Le gouverneur Felix Eboué recevra d’ailleurs de nombreuses doléances de la part d’Africains mettant le doigt sur cette même contradiction : comment justifier le racisme et les conditions terribles qu’ils subissaient alors qu’ils luttaient pour les démocraties contre le nazisme ?

Comment est perçue aujourd’hui cette histoire dans ces pays africains qui étaient sous le contrôle des gaullistes en 1940 ?

En France d’abord l’histoire africaine de la France libre a été occultée par celle de la Résistance intérieure. On n’est pas là pour comparer mais l’envolée du maquis démarre en 1943. L’apport des Africains date de 1940. En 1943, les troupes du Cameroun, du Tchad, ont été ensuite débarquées de l’armée au profit d’autres soldats africains, des soldats d’Afrique du Nord. On trouvera aussi des Pieds noirs.

On ne compte que 11 combattants africains, majoritairement des tirailleurs tchadiens et centrafricains, et 5 civils africains comme compagnons de la Libération sur un total d’un peu plus de mille compagnons. On est frappé par le fait que Brazzaville ne soit pas inscrite comme ville à l’ordre de la Libération comme l’ont été d’autres villes en France. Cette mémoire est peu présente dans ces pays. Beaucoup de Congolais ne connaissent pas cette histoire par exemple. Ils ne savent pas que Brazzaville a été la capitale de la France libre. Elle a été occultée par celle des Indépendances.

Des réseaux gaullistes de la Françafrique dans les années 60 ont essayé de faire vivre ce lien, cette mémoire africaine de la France libre. Il faudrait pourtant faire vivre cette mémoire parce que le poids de l’Afrique et notamment des Africains dans le combat contre Hitler a été minoré. La faible notoriété de cette histoire est également liée à l’absence d’archives. Nous avons très peu de témoignages de la part de ces Africains partis au combat pour la France libre.

Ces Africains compagnons de la Libération

Dominique Kosseyo (1919-1994) fait partie des ces héros africains les plus connus. Il a été fait compagnon dans l’ordre de la Libération en 1941. Il est né en Oubangui-Chari, l’actuelle République centrafricaine. Il va jouer un rôle important dans le basculement de Brazzaville. Il prend alors un risque personnel et aurait pu être fusillé pour désobéissance envers le gouverneur favorable à Vichy. Il se bat ensuite au Gabon contre les forces de Vichy. Il sera blessé dans ces combats.

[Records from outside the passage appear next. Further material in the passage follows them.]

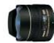
AF DX Fisheye-Nikkor 10.5mm f/2.8G ED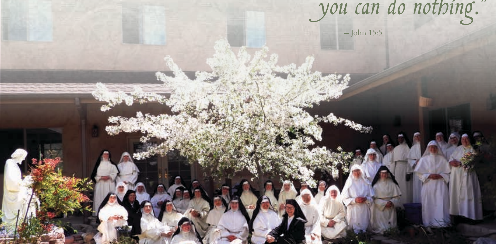
OUR COMMUNITY — SPRING 2019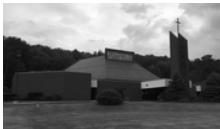
Immaculate Conception Roman Catholic Church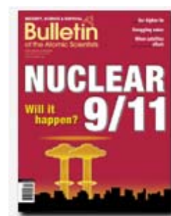
Table of Contents Subscribe Online Newsstand Locator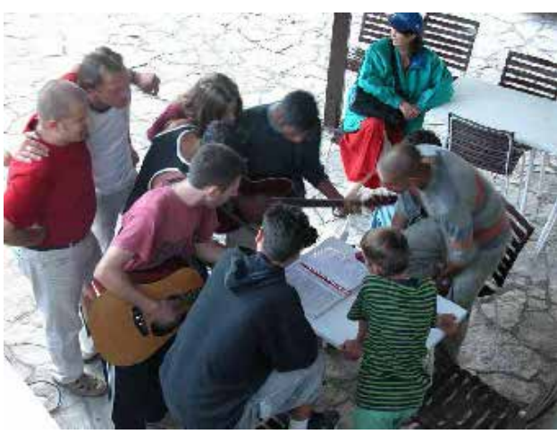
Taking advantage of a free moment to sing some songs that made the Revolution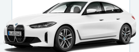
BMW i4 eDrive35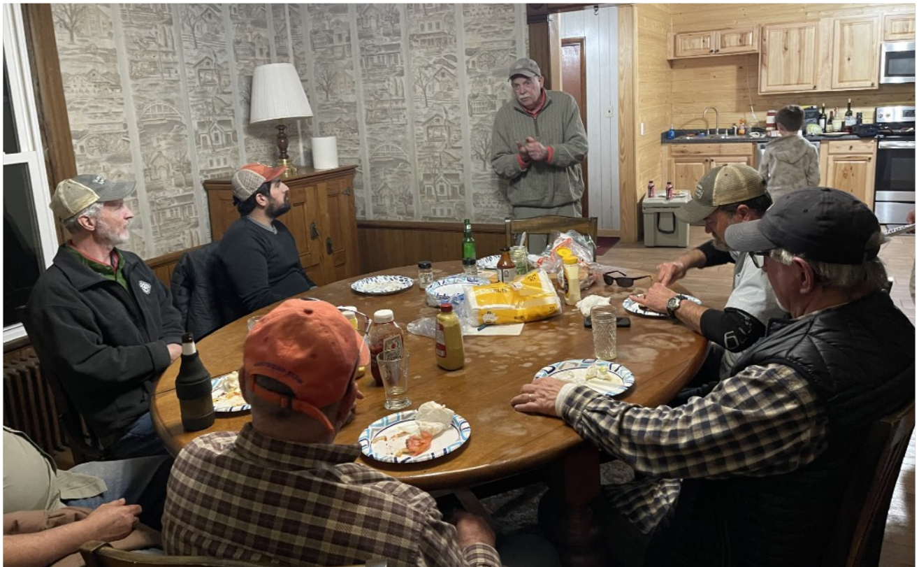
Hanging out and warming up after a group evening meal! Great fellowship!!!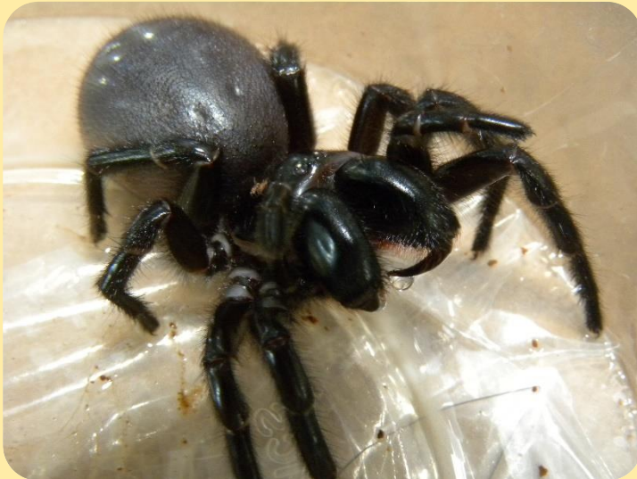
Sydney funnel web spider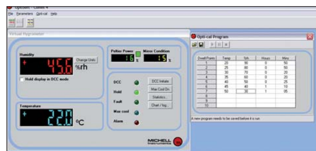
Logging and profiling software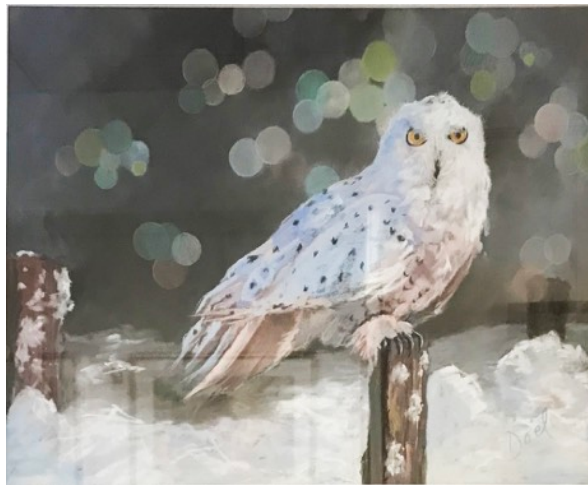
FIRST PLACE Snowy White Owl Darcy Doiel _ Pastel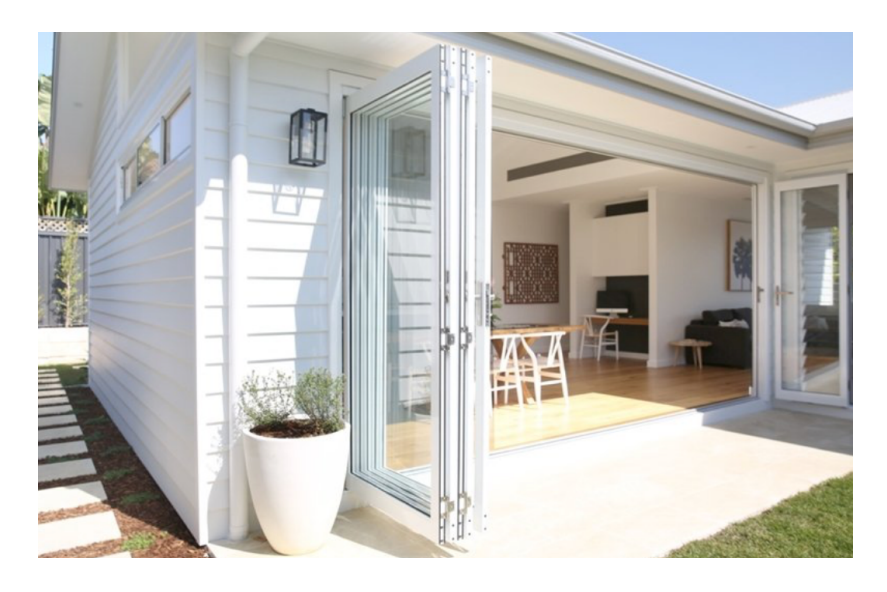
New Metal Roof, Gutters and Downpipes to rear North Elevation - Colorbond Basalt or similar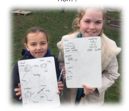
Year 3 scientists exploring insects in the school grounds.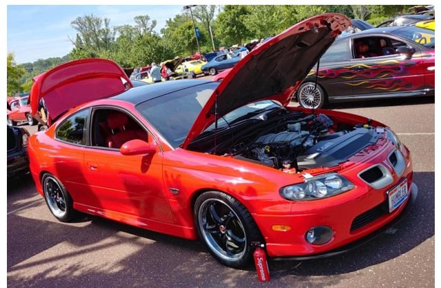
3rd Place Popular Vote Lance Hudnell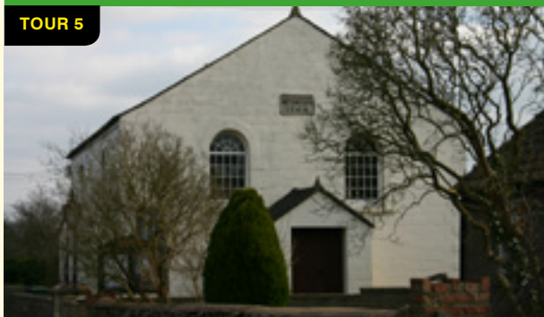
Bethesda, Hawkesbury Upton

This trail follows parts of national cycle routes 410 and 41. It crosses South Gloucestershire from east to west and is mostly downhill. Both routes are clearly way-marked. The trail takes you to a number of chapels that are typical of this area in their scale and style.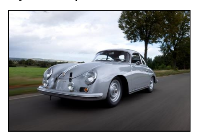
1959 Porsche 356A 1600S Coupe Sold for USD $145,000 on 1/28/25 Car from Germany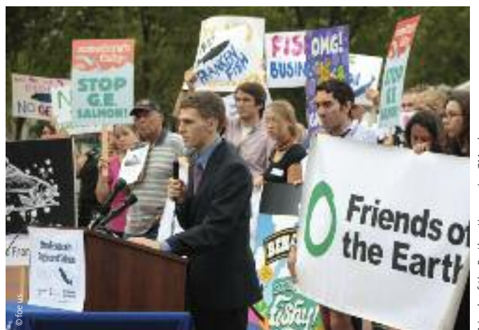
Friends of the Earth action against GM salmon in front of the White House, USA

The main argument for such a GM pig is to protect water resources. Run-off from pig manure that contaminates water is an expensive problem faced by large-scale, industrial hog producers. These ‘enviropigs’, if approved, would allow the few giant hog production corporations that run factory farms to continue to raise large numbers of pigs, fed on grain, in small confined areas.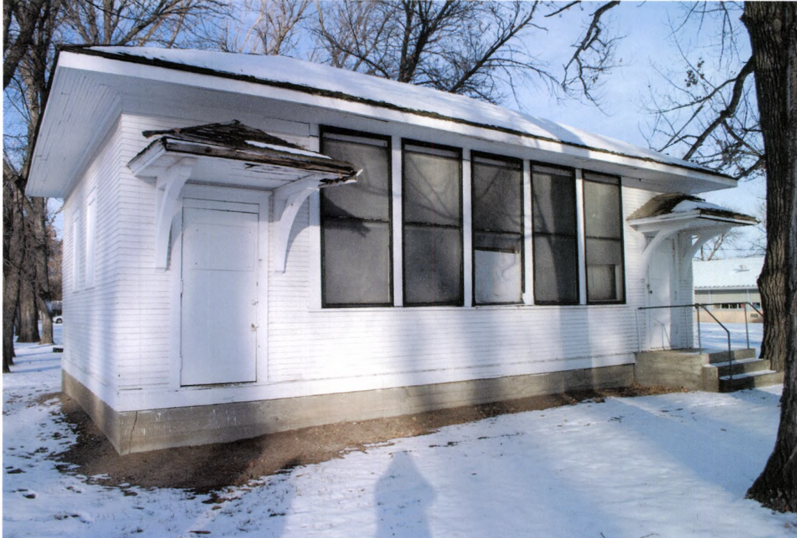
Feature 1 south southwest ↑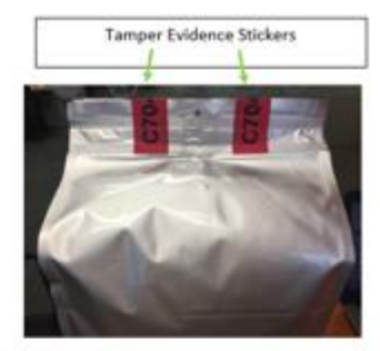
Biologic DS container in aluminium seal pouch with tamper evidence sticker with unique numbering for shipping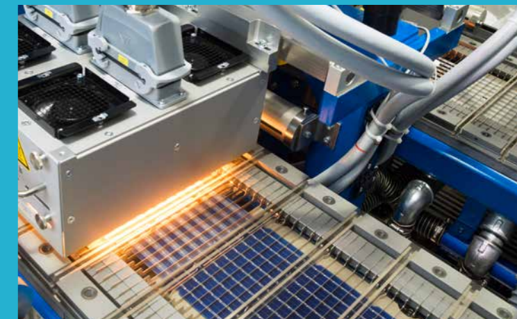
Closed loop IR light soldering process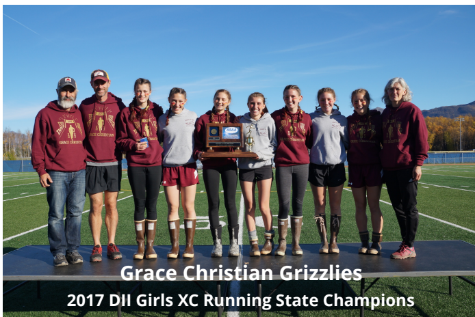
Grace Christian Grizzlies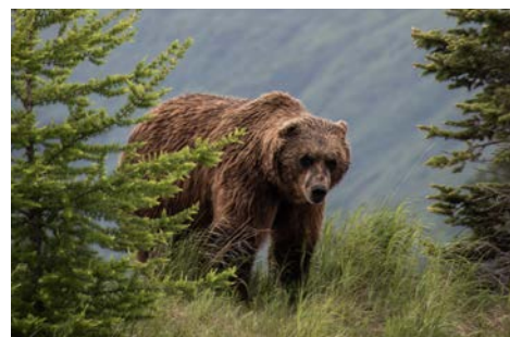
Grizzly bears are an important part of the landscape across northern British Columbia

Environmental responsibility means always doing the right thing. To help reduce our footprint, Coastal GasLink works hard to proactively identify and mitigate potential issues every day.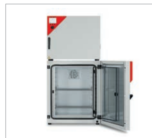
Flexible, mixed stacking options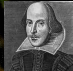
William Shakespeare English Playwright 1564 - 1616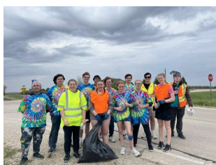
Pocahontas Hometown Pride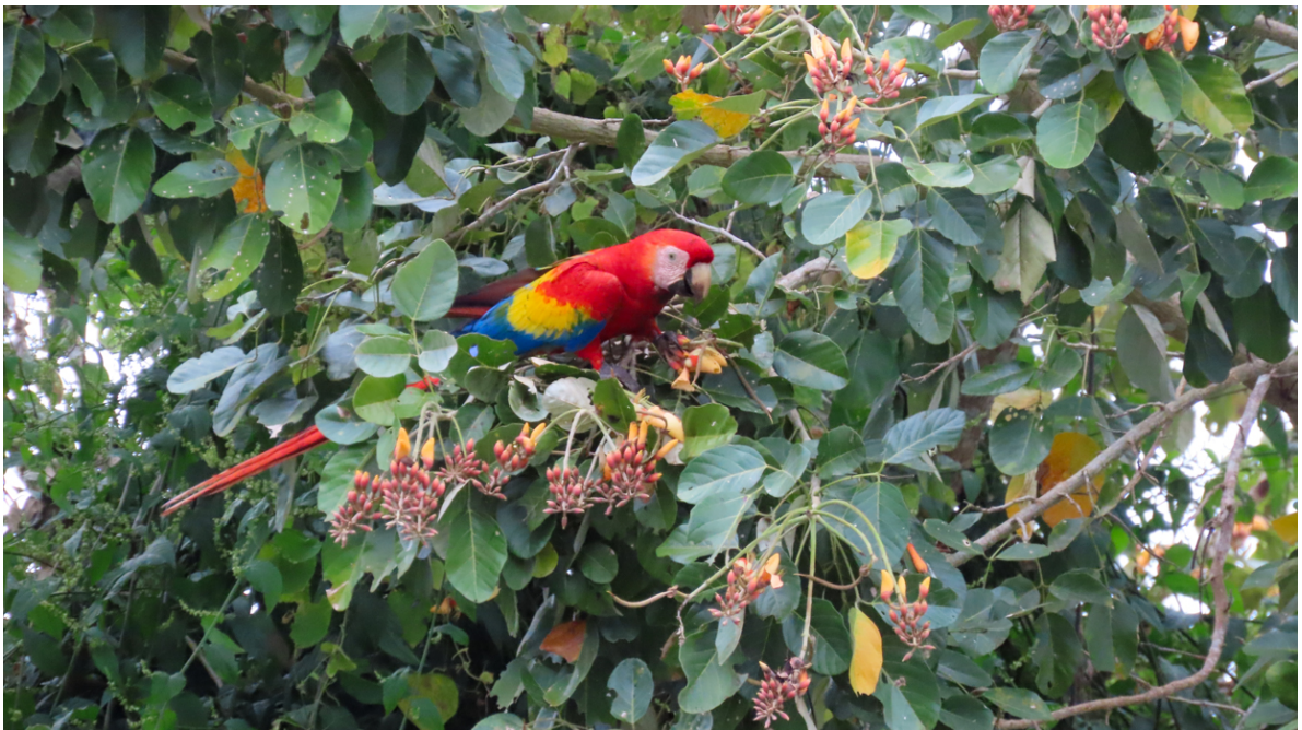
Scarlet Macaw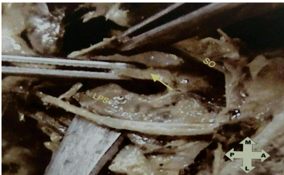
Figure 2. Illustration showing the muscular slip (arrow) between the Levator palpebrae superioris(LPS) and Superior oblique (SO) in right eye.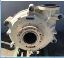
PU3610: 8/6 EAH Warman Slurry Pump: Metal Lined - Metal Impeller - Metal Centrifugal Seal. Condition: Excellent.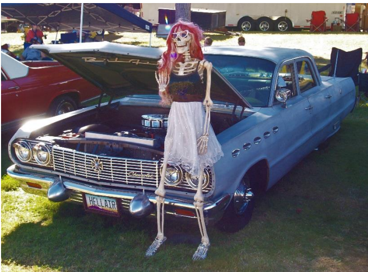
Vintage Vehicles of Sun City, Arizona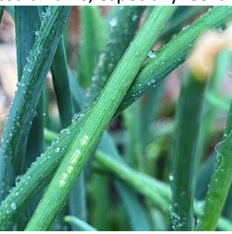
Linear feeding marks on chives. S. Brighouse, NJAES

Linear feeding marks from ALM adults on garlic leaf blade. M. Sample, NJAES

Georges Koudoukou (1894-1942), originaire de Fort Crampel (actuel Kaga Bandoro en République centrafricaine) au nord de Bangui, a été, lui, décoré à titre posthume le 9 septembre 1942. Le jeune homme s’engage à 20 ans et va suivre une carrière militaire exemplaire, interrompue tragiquement. Il est promu caporal en 1920, puis sergent en 1925. Il rallie la France libre, entraînant la troupe indigène du camp de Kassaï où il était affecté.

Il devient sous-lieutenant et est nommé adjoint au commandant. Il est le premier Africain qui devient officier au sein des Forces françaises libres. Il participe à la bataille de Bir Hakeim en Libye contre les forces nazies en mai-juin 1942. Il meurt peu de temps après des suites de ses blessures à Alexandrie en Égypte.